START GIVEN ENTRIES

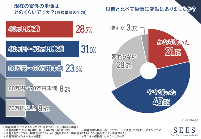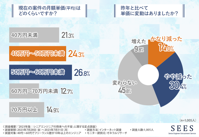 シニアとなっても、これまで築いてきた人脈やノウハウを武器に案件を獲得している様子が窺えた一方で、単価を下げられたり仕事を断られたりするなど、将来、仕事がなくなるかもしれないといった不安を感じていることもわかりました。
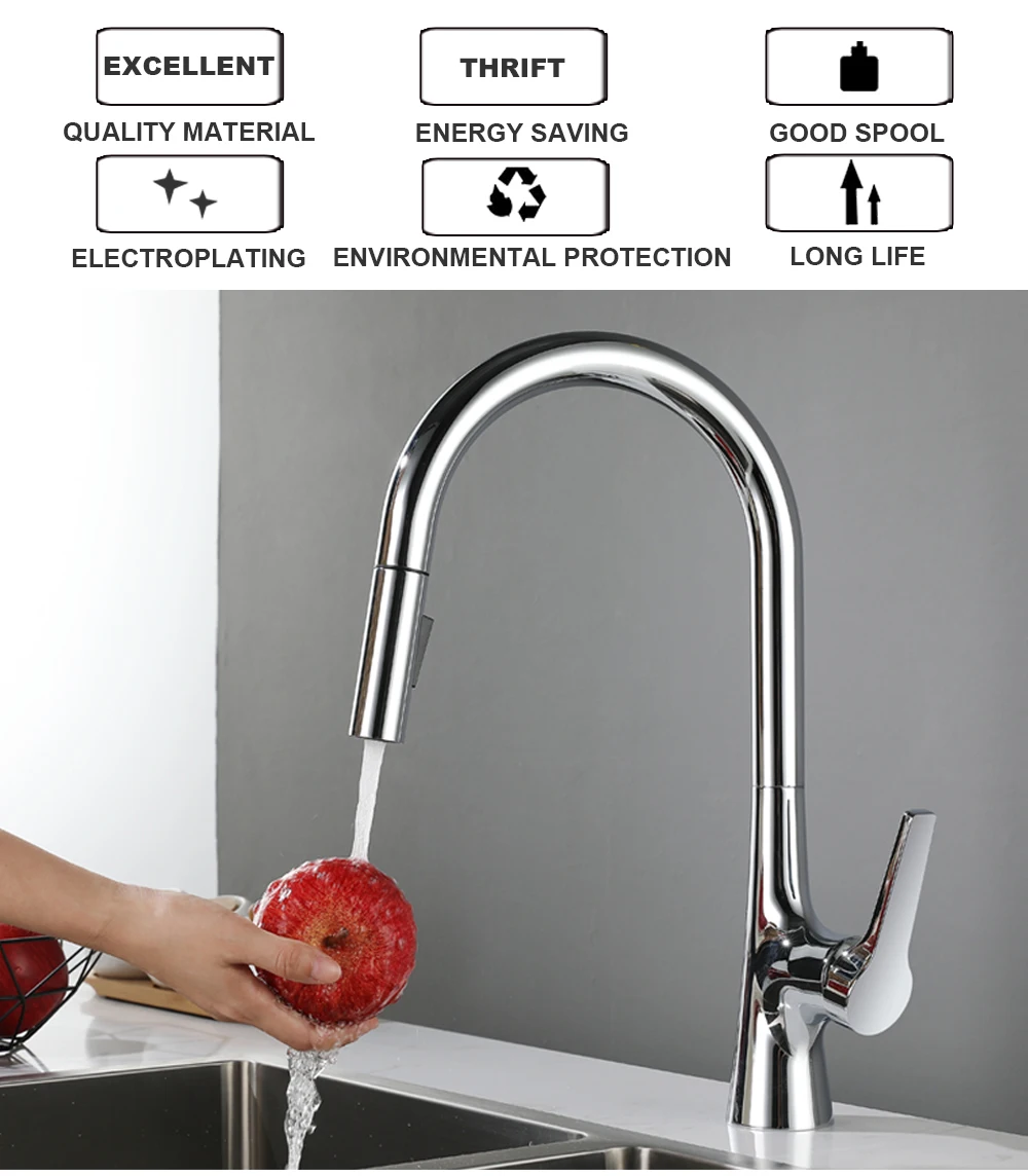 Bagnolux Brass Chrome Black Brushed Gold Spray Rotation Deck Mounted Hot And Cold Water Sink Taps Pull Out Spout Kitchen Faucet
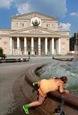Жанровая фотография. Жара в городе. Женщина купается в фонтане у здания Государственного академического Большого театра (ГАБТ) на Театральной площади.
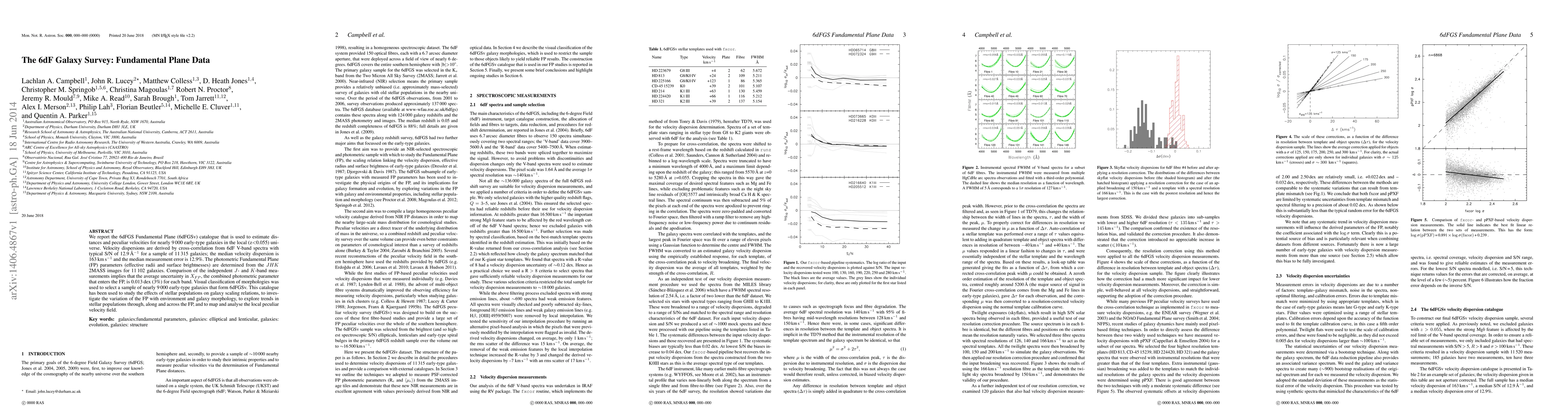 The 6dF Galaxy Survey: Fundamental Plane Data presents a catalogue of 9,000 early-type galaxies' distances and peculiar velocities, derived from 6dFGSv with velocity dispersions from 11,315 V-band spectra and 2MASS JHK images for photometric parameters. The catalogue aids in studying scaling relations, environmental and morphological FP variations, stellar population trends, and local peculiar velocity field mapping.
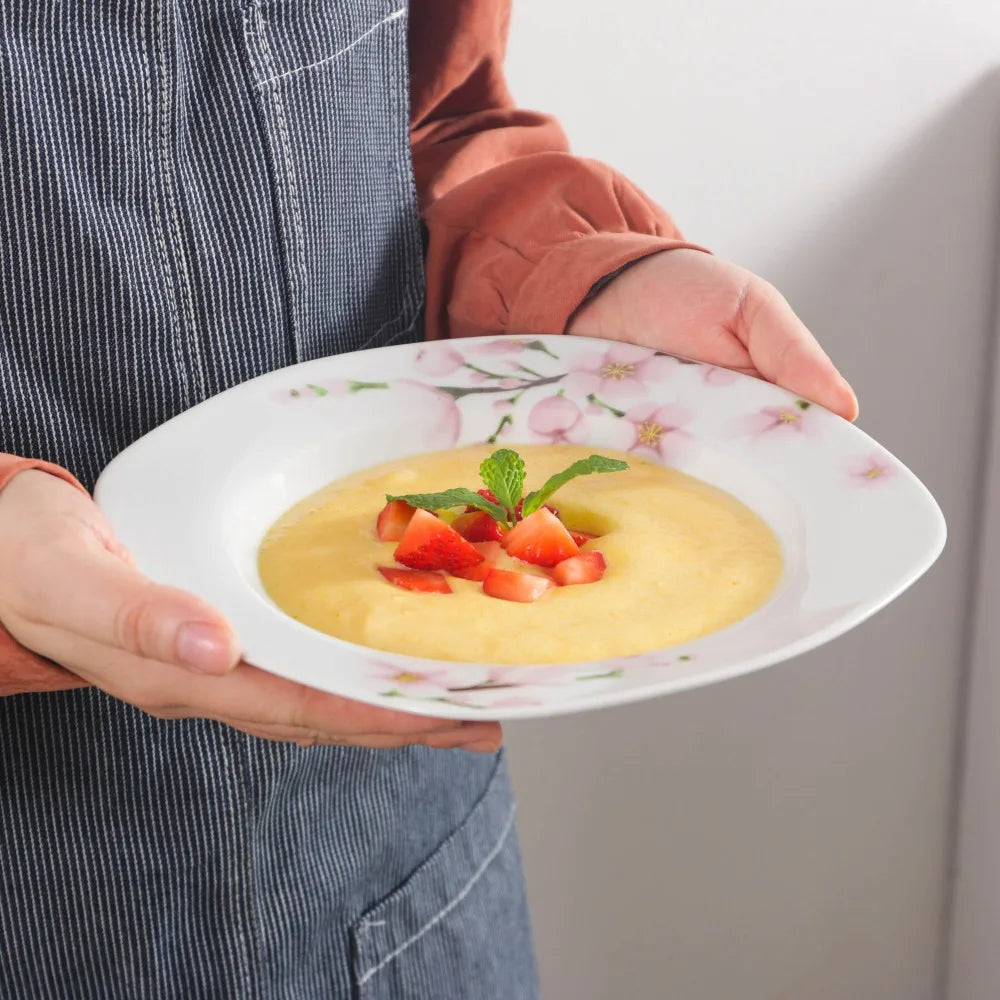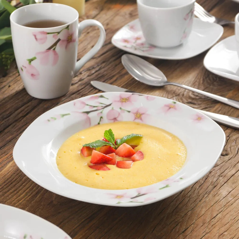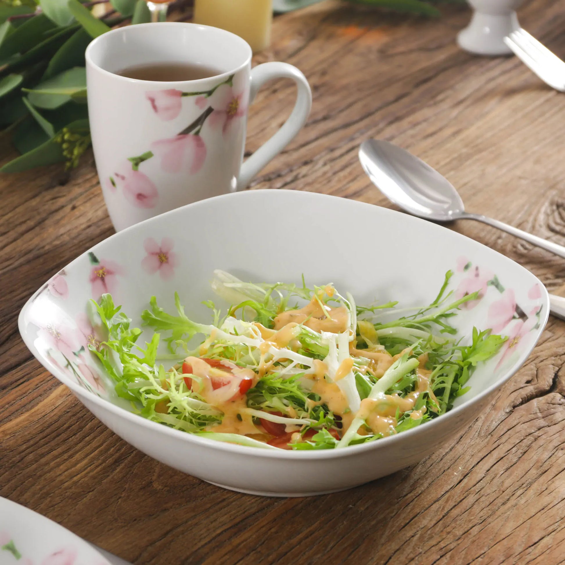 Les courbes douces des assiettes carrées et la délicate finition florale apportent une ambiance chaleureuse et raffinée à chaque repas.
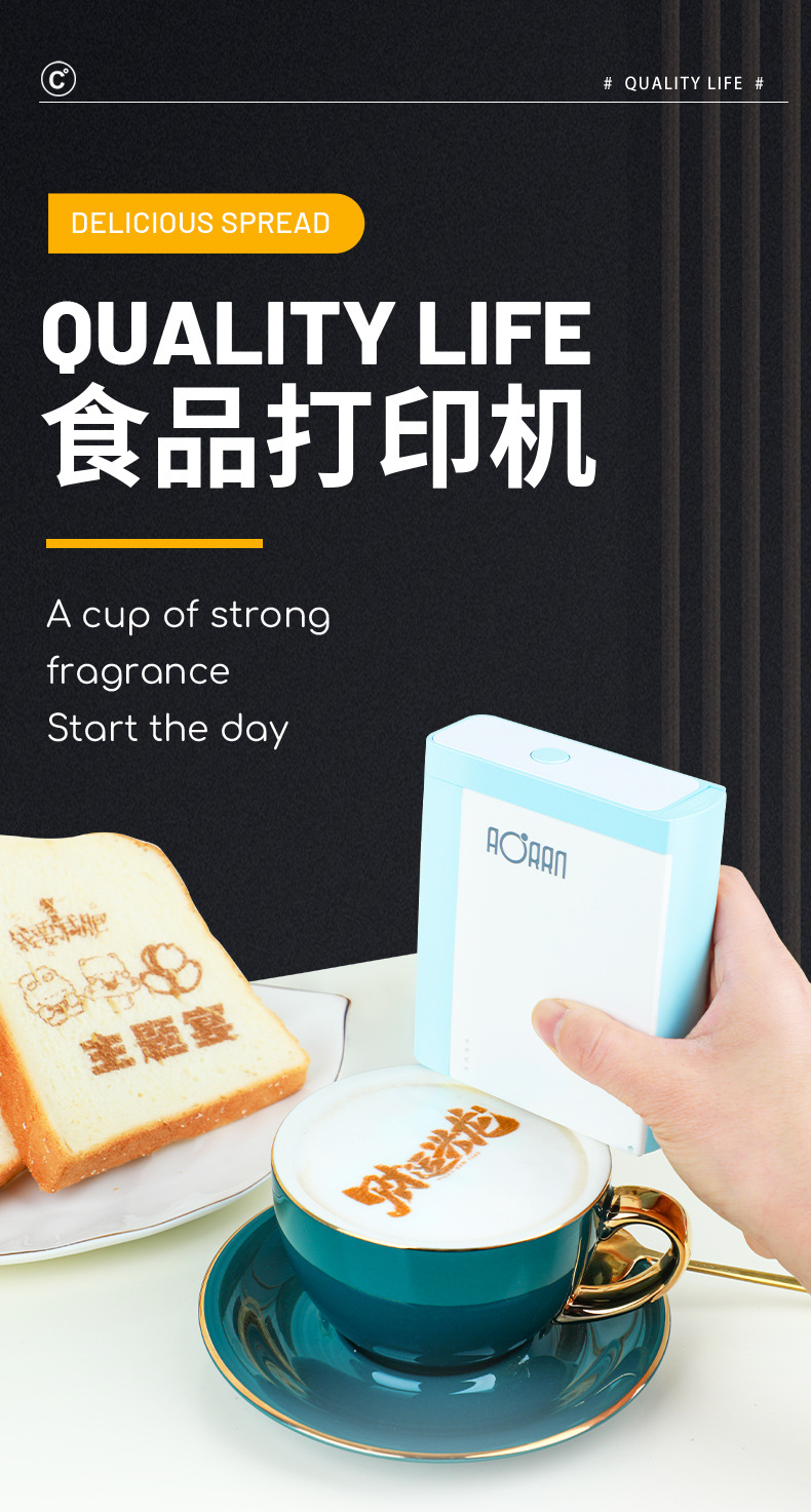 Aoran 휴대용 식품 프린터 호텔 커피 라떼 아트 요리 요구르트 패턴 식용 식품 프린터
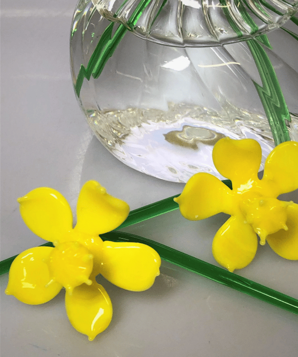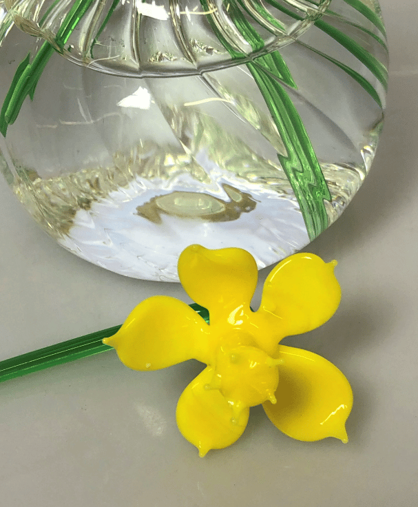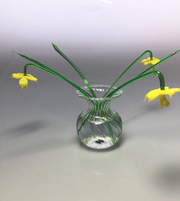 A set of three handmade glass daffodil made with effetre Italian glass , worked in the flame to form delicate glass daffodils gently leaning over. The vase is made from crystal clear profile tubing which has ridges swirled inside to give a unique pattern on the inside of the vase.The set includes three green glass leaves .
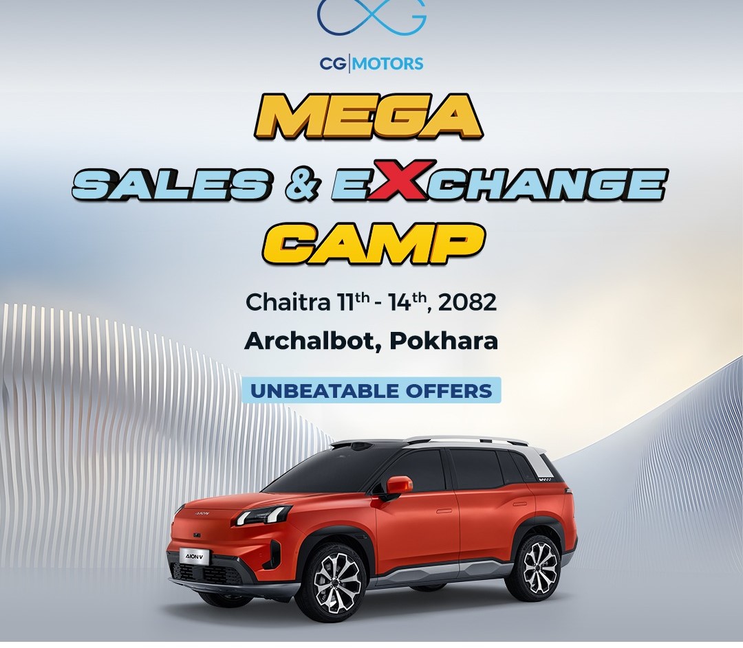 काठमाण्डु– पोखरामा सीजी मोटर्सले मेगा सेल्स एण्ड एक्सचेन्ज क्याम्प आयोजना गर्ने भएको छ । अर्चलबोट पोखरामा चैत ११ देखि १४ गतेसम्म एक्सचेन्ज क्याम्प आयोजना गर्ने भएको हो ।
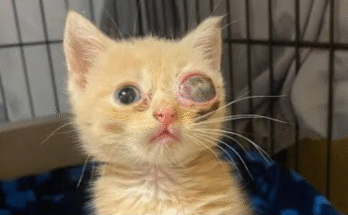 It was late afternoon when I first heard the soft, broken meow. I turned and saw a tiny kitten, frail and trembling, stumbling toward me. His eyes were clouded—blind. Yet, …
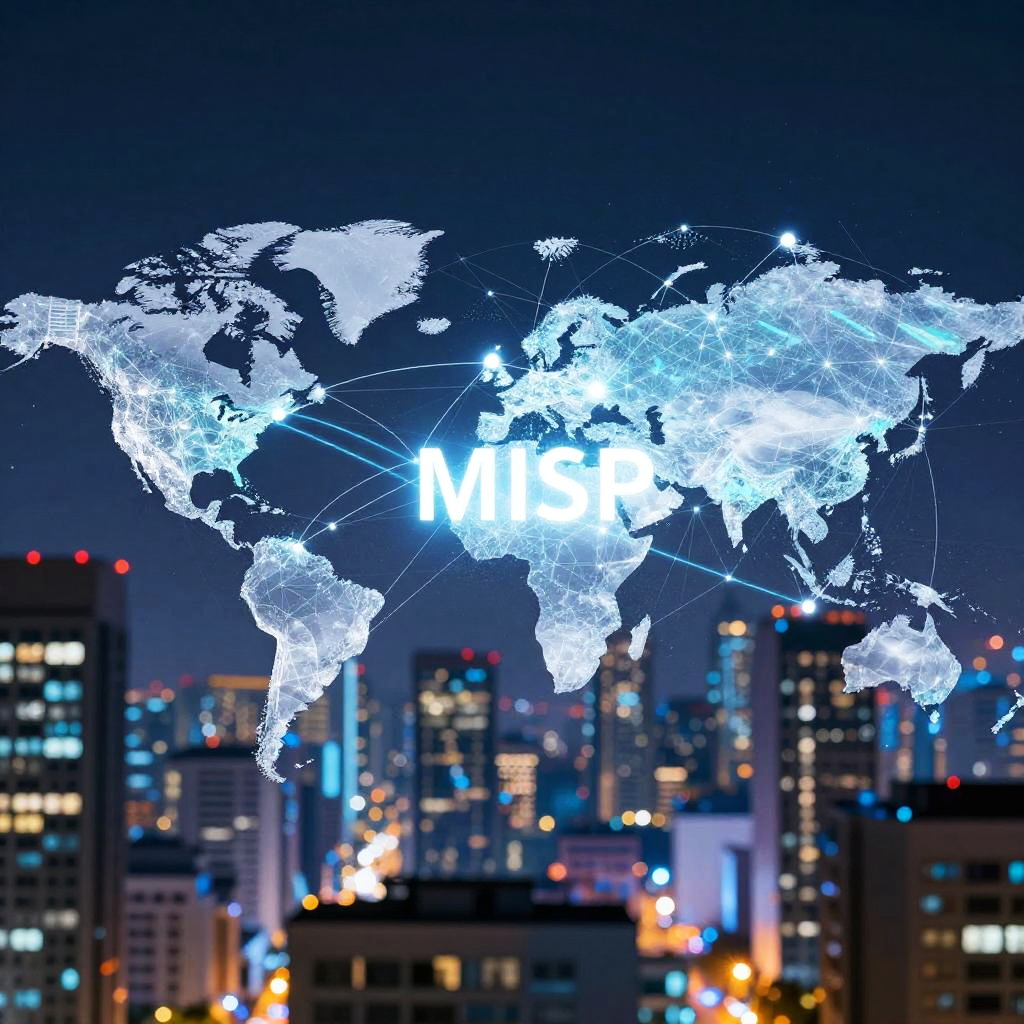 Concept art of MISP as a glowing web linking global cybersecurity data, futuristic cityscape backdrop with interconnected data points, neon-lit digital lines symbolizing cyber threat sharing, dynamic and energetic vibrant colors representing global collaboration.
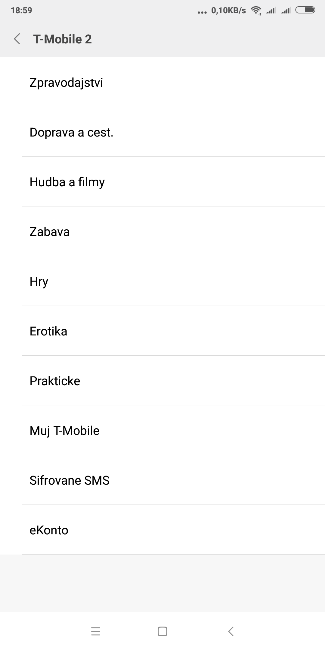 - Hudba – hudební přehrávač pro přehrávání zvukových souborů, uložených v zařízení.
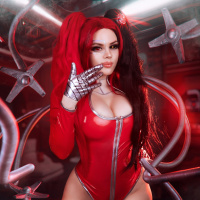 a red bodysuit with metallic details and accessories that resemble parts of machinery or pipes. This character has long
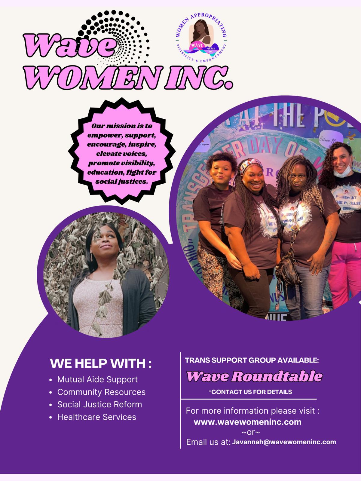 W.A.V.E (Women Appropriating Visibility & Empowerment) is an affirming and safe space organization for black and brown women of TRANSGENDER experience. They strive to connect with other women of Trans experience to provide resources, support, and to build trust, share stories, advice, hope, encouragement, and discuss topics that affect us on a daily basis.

END GIVEN ENTRIES

EXERCISE INSTRUCTIONS: Print, exactly as written, the lines above from the first one to the one containing "Жанровая фотография. Жара". Leave out pictures.

ANSWER:
 シニアとなっても、これまで築いてきた人脈やノウハウを武器に案件を獲得している様子が窺えた一方で、単価を下げられたり仕事を断られたりするなど、将来、仕事がなくなるかもしれないといった不安を感じていることもわかりました。
 Bagnolux Brass Chrome Black Brushed Gold Spray Rotation Deck Mounted Hot And Cold Water Sink Taps Pull Out Spout Kitchen Faucet
Жанровая фотография. Жара в городе. Женщина купается в фонтане у здания Государственного академического Большого театра (ГАБТ) на Театральной площади.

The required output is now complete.